Bailout Update

Another day, another sign that taxpayers will get put on the hook.


The GBH (Greatest Bailout in History) gains momentum. David Wessel of the WSJ spreads the word (boldface mine):

Mr. Paulson is losing his argument that the government response, so far, is sufficient—even with all the Fed has done, all Mr. Paulson has done to prod mortgage servicers to voluntarily modify loans and his successful pummeling of Fannie Mae and Freddie Mac to reluctantly raise capital so they can buy more mortgages.

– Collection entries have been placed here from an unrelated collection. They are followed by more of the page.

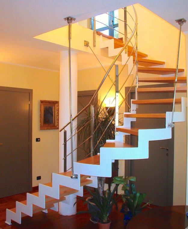 Realizzazione di scale autoportanti artigianali con struttura in metallo ed inserti in legno. Ogni realizzazione è su misura e totalmente personalizzabile nelle geometrie e nelle finiture, seguendo la lavorazione con la massima cura del dettaglio, a partire dalla precisione centesimale del taglio a laser, che utilizziamo per queste realizzazioni.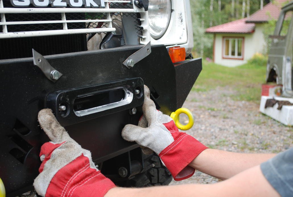 Puskuri ja S-logot. Juusolla on aikomus laittaa valot puskurin sisään. Sitten kyllä logot näkyvät. Vinssi Eilen saatiin asennettua ja koekäyttöön mittari mistä näkee vinssin ottaman virran, akkujännitteen ja vinssin moottorin lämmön. Kunnon vetoja ei ole päästy kokeilemaan, mutta ns normaali veto missä suska tulee nahkoineen narun perässä on noin 70A. Tästä asiasta kerrotaan lisää kunhan on päästy oikein vetelemään. t.Juha |
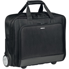 Trolley in tessuto tecnico. Grande scomparto centrale con imbottitura porta notebook. Quattro tasche frontali con cerniera e tasche porta oggetti. Maniglia imbottita super comfort. Cinghie di fissaggio. Manico telescopico a scomparsa. Targhetta portanome.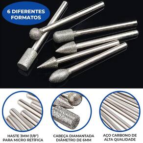 Kit 20 pontas diamantadas micro retíficas haste 3mm cabeça 6mm dremax Jogo com 20 pontas diamantadas, indicado para trabalhos de polimento, desbaste e gravação com micro retificas. Para artesanato, escultura, retoque, polimento e acabamento de vidro, cerâmica, mármore, pedras, aço e outros materiais duros. Diferenciais: - revestidos com diamante: cada ferramenta do conjunto é revestida com diamantes genuínos, garantindo nitidez e longevidade superiores. - compatibilidade universal: possui haste de 1/8 3mm , tornando-o universalmente compatível com todas as micro retíficas do mercado Organizado e portátil: vem em uma caixa de transporte conveniente, garantindo fácil organização e portabilidade. Para várias tarefas: ideal para fabricação detalhada de joias, projetos de arte complexos e outras operações que demandem precisão. Itens inclusos - 4 pontas diamantadas esféricas - 4 pontas diamantadas cilíndricas - 3 pontas diamantadas ovais - 3 pontas diamantadas cônicas - 3 pontas diamantadas cilíndricas com ponta arredondada - 3 pontas diamantadas cônicas tipo bala Especificações - marca: dremax - modelo: kbd-20 - diâmetros das hastes: 3mm - diâmetros das pontas de trabalho: 6mm - comprimento: 45mm - indicado para todas as marcas de micro retíficas, como dremel, charbs, einhell, black+decker, dremax, mondial, vonder, titanium, western, ingco, gamma, wesco, etc. - peso: 100 gramas - : 90 dias contra defeitos de fabricação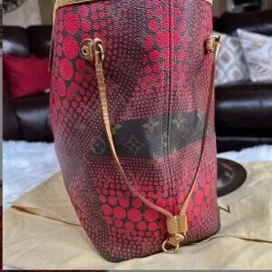 Yayoi Kusama x Louis Vuitton Red Waves Monogram Neverfull MM Tote with COA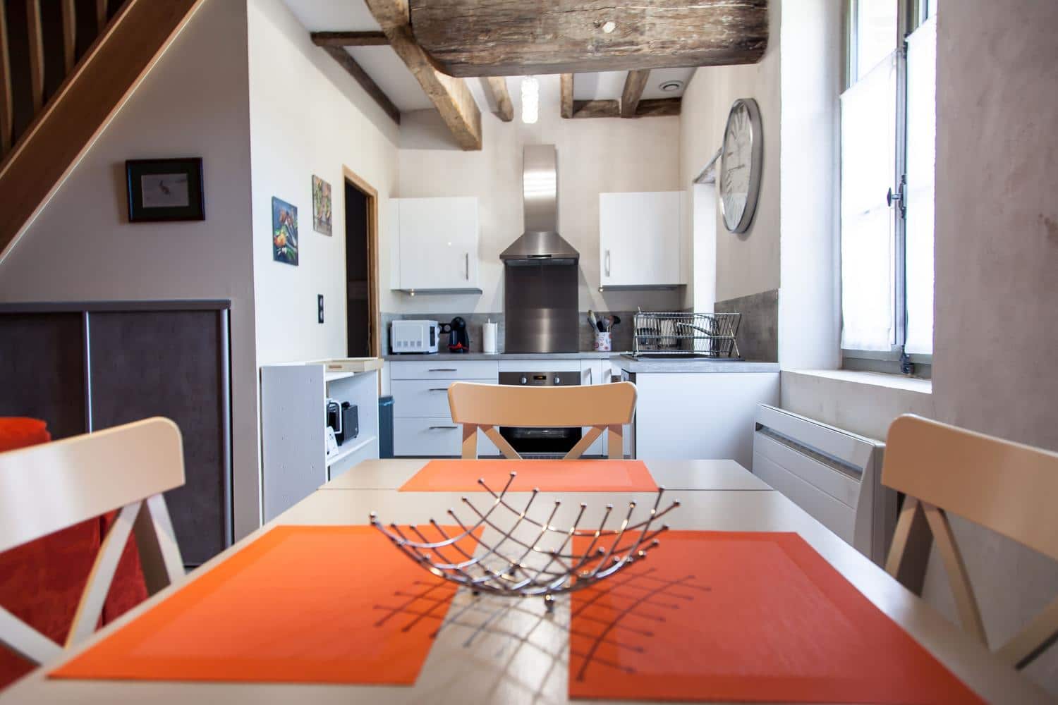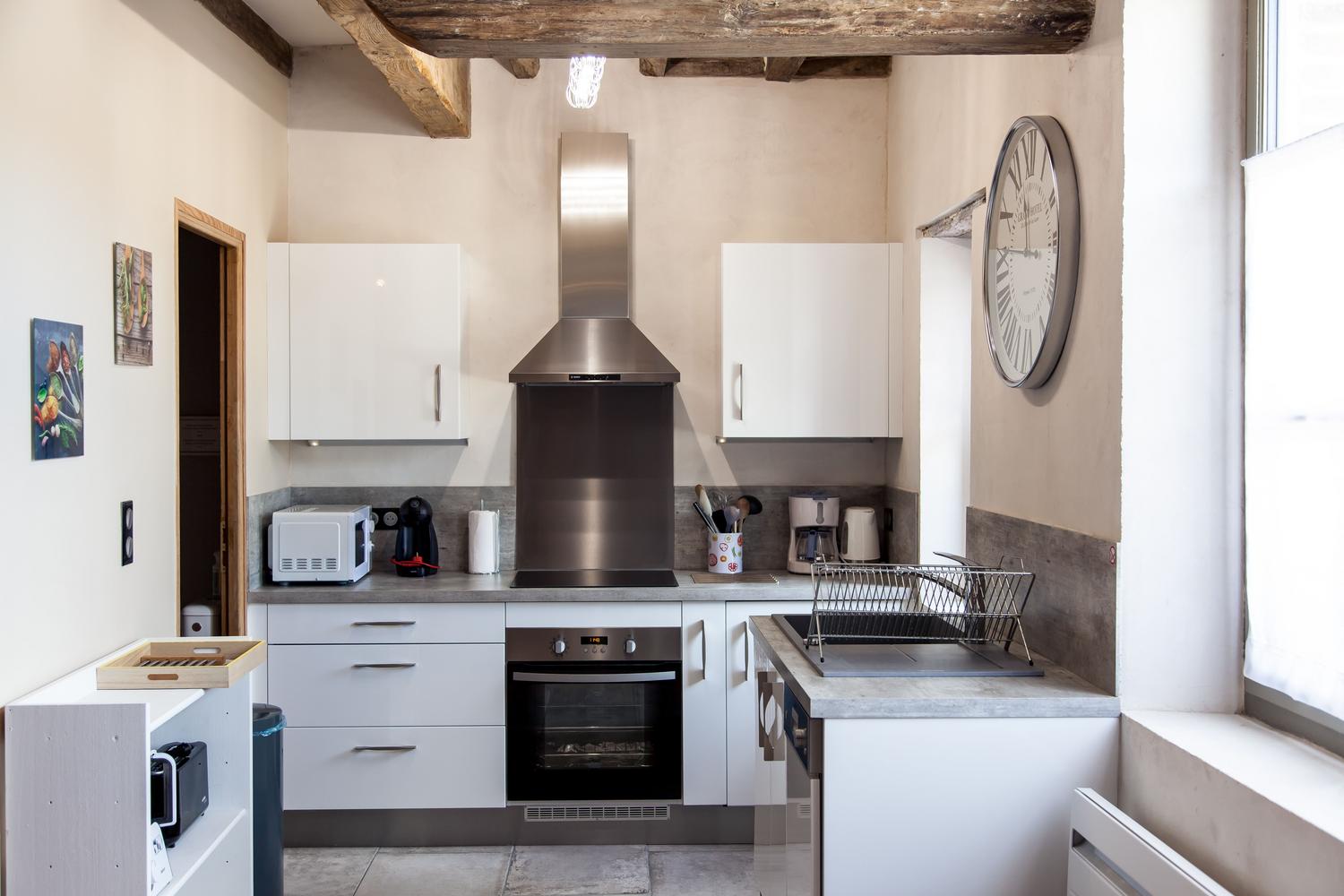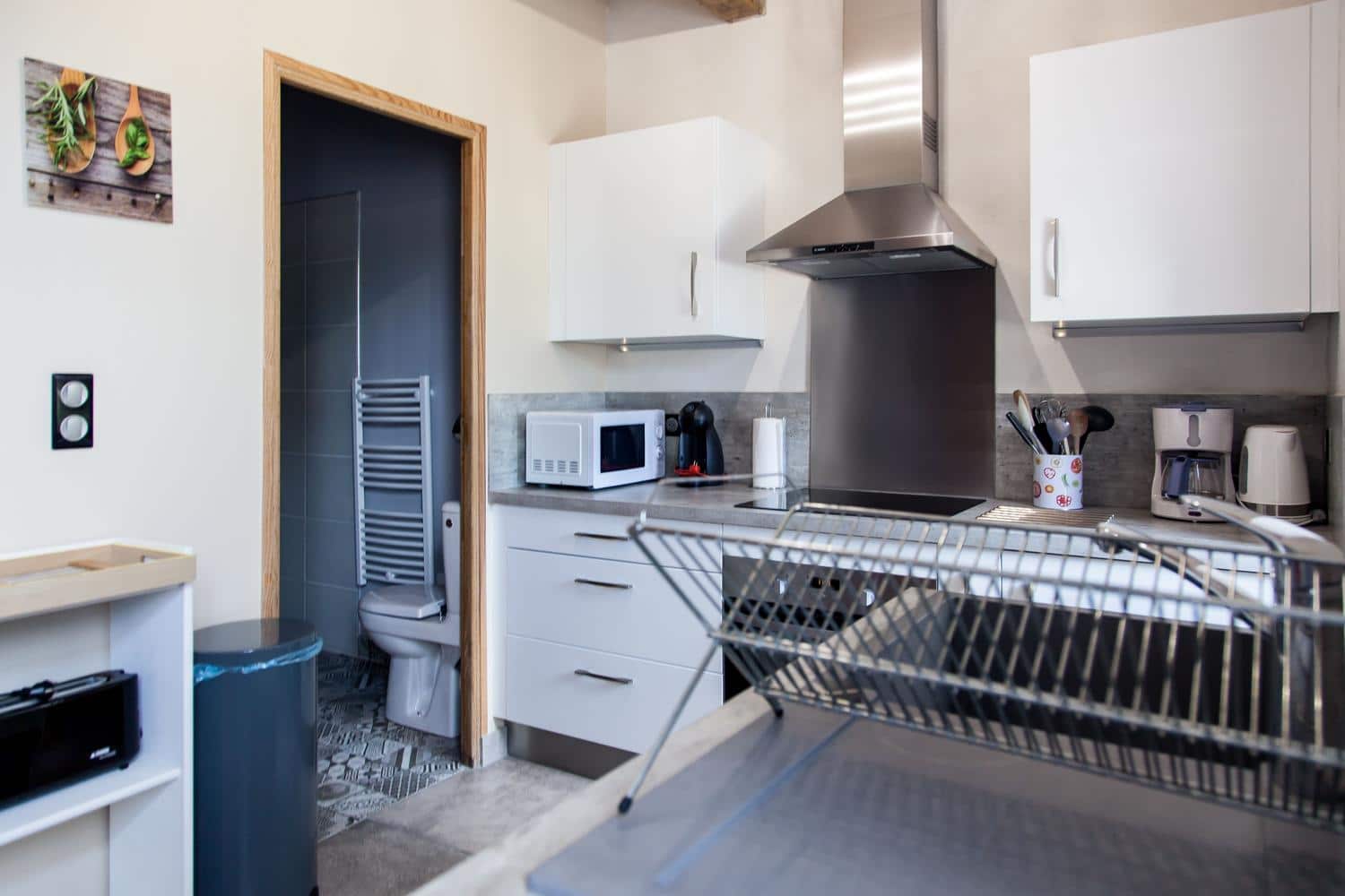 La cuisine américaine est tout équipée : lave-vaisselle, four à pyrolyse, micro-ondes, réfrigérateur, cafetière électrique et une expresso, robot multifonctions, vaisselle, aspirateur… Un lave-linge est à votre disposition dans la salle d'eau.

Preventing housing prices from falling will prolong the agony, he says. "We need the correction." But influential congressional Democrats and a growing number of economists—many of them Democrats, to be sure—argue that "the overall health of the economy" is threatened by a combination of falling house prices, malfunctioning mortgage markets and a rising number of homeowners whose home equity has been wiped out. In one form or another, they would have the government buy mortgages at today's marked-down prices, make lenders or investors take the losses and then have the government provide or guarantee new loans to homeowners at less than the original principal.

My take: Honestly, I don't think I've gotten a single E-mail or phone call from a homeowner in favor of a bailout beyond something like "If they can bail out Wall Street, why not Main Street?" I think this bailout talk creates an opportunity for some savvy politician out there.